Sementara, paslon nomer urut 1 Made Muliawan Arya alias De Gadjah menilai, tingginya angka kekerasan di Bali karena kurangnya peran pemerintah. Menurutnya, upaya pencegahan dan penegakan hukum bagi pelaku kekerasan seksual itu wajib dilakukan.
"Mengindikasikan bahwa gubernur sebelumnya belum serius menanggani kasus kekerasan seksual dan pedofilia di Bali," tegas De Gadjah.
Dalam upaya pencegahan, dia mengungkapkan, ada beberapa hal yang akan dilakukan. Mulai dari penyadaran dan edukasi di sekolah pada anak-anak maupun masyarakat melalui desa adat.
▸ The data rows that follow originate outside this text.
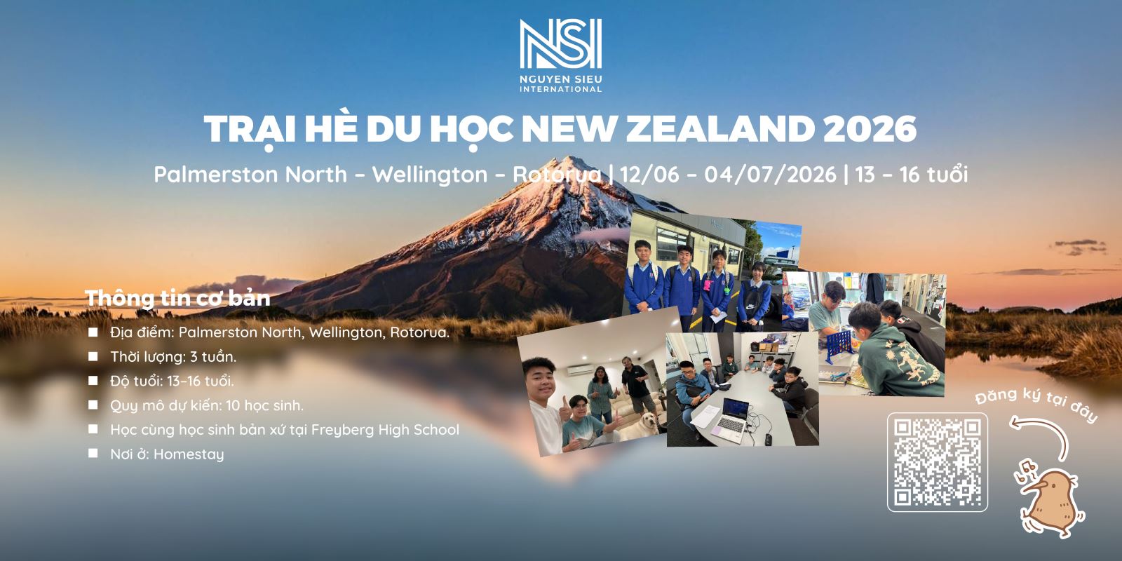 Chương trình trại hè New Zealand 2026 diễn ra từ 12/06/2026 đến 04/07/2026, với các điểm đến chính gồm Palmerston North, Wellington và Rotorua. Học sinh được học cùng học sinh bản xứ, ở homestay và đặc biệt có buddy bản xứ hỗ trợ làm quen với trường học, môi trường sống và các hoạt động hằng ngày.
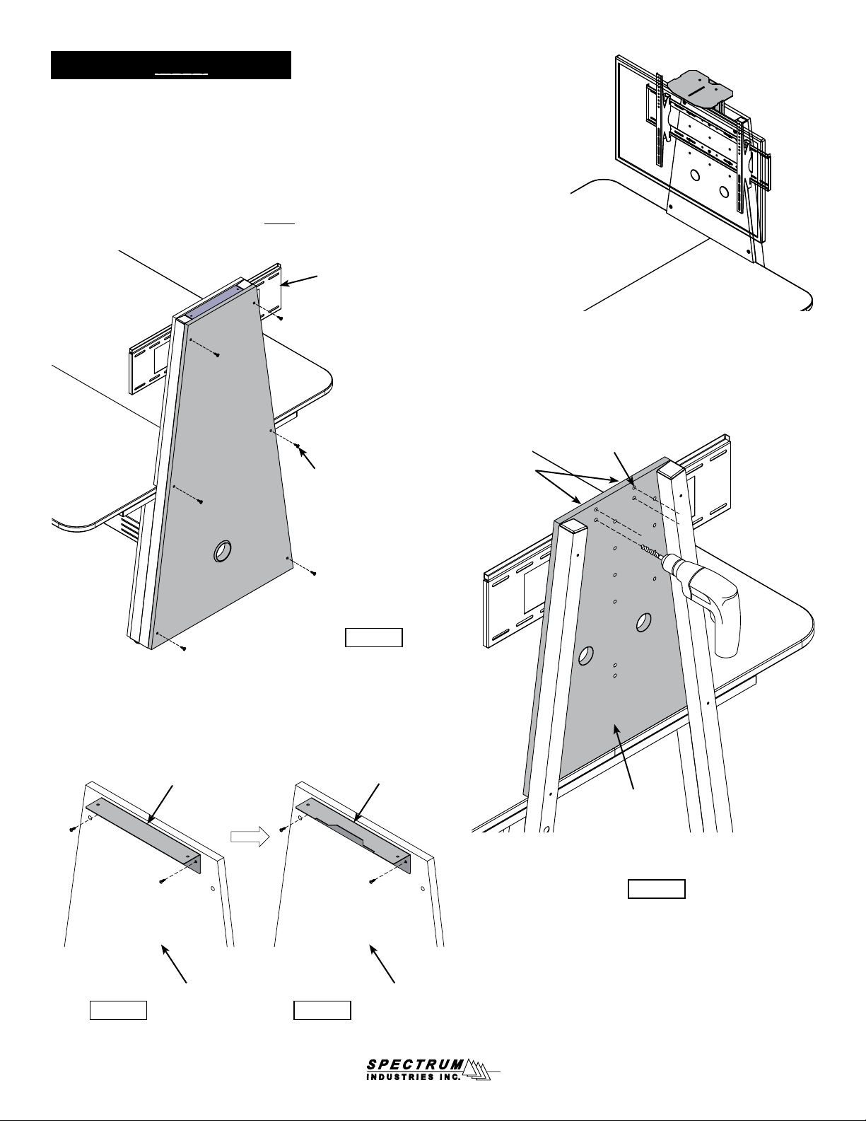 4. Locate the four 3/8” holes on top of the display stand front panel.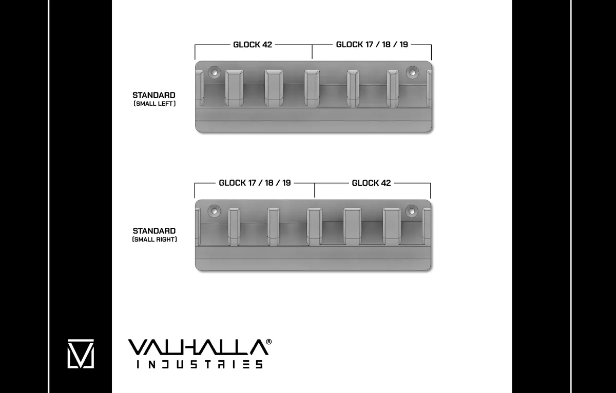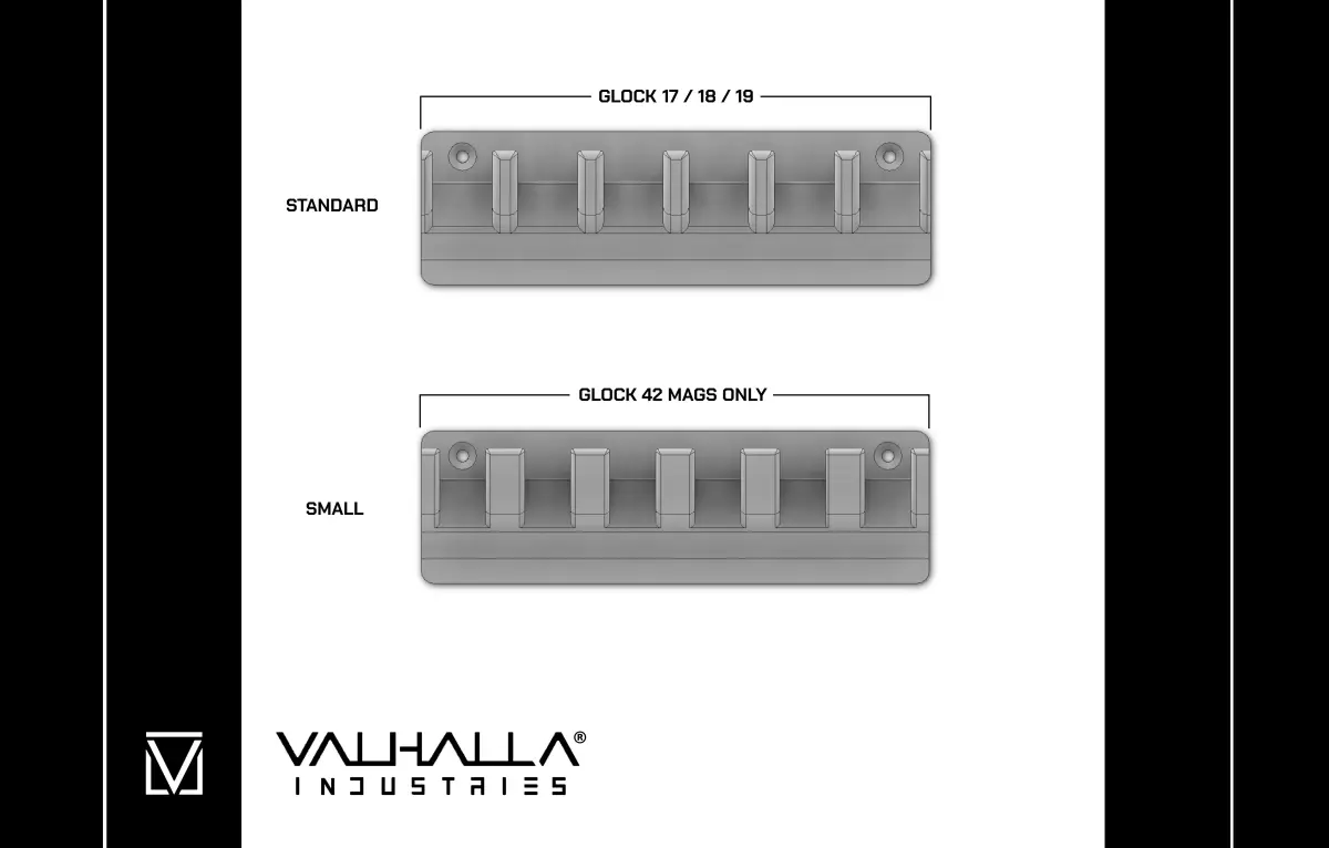 Glock Mag Rack (Small Left), for 3 standard sized Glock mags on the right side and 3 small Glock 42 mags on the left side.

"Tentunya adanya kurikulum bela diri di sekolah (tingkat SD hingga SMP). Pelatihan guru, tenaga kesehatan petugas sosial mengidentifikasi tanda-tanda kekerasan secara dini, dan paling penting adalah membuat pelayanan hotline dan aplikasi memudahkan korban melaporkan kekerasan tersebut," ujarnya.
Terkait pernyataan De Gadjah, Koster menjelaskan, tingginya TPKS di Bali karena masyarakat rajin melaporkan dibandingkan daerah lain di Indonesia.
"Mungkin saja pendataan di Bali masyarakatnya rajin melapor dibandingkan daerah lain di Indonesia sehingga keliatan tinggi. Namun yang saya lihat penegak hukum seperti polisi dan Jaksa sangat responsif terhadap kasus-kasus kekerasan seksual di Bali. Kami memantau di media," ujarnya.
Ia menyebutkan, bahwa penegakan hukum di Bali berjalan dengan sangat baik untuk mengatasi TPKS dan yang akan dilakukan ke depan adalah bagaimana pencegahan di awal agar dapat dikendalikan dengan lebih memadai.
"Dengan melibatkan seluruh komponen masyarakat terutama juga sosialisasi pendidikan mulai anak-anak SD sampai perguruan tinggi agar pemahaman ini lebih luas. Serta melibatkan masyarakat dan komunitas termasuk Desa Adat agar ini menjadi perhatian didalam penanganan masalah kekerasan ini, di desa-desa, Desa Dinas maupun Desa Adat," ujarnya.
Dalam tema debat terakhir Pilgub Bali mengangkat tema,"Ngardi Bali Shanti lan Jagadhita," yang membahas terkait isu ketenagakerjaan, perempuan, anak dan kaum marginal.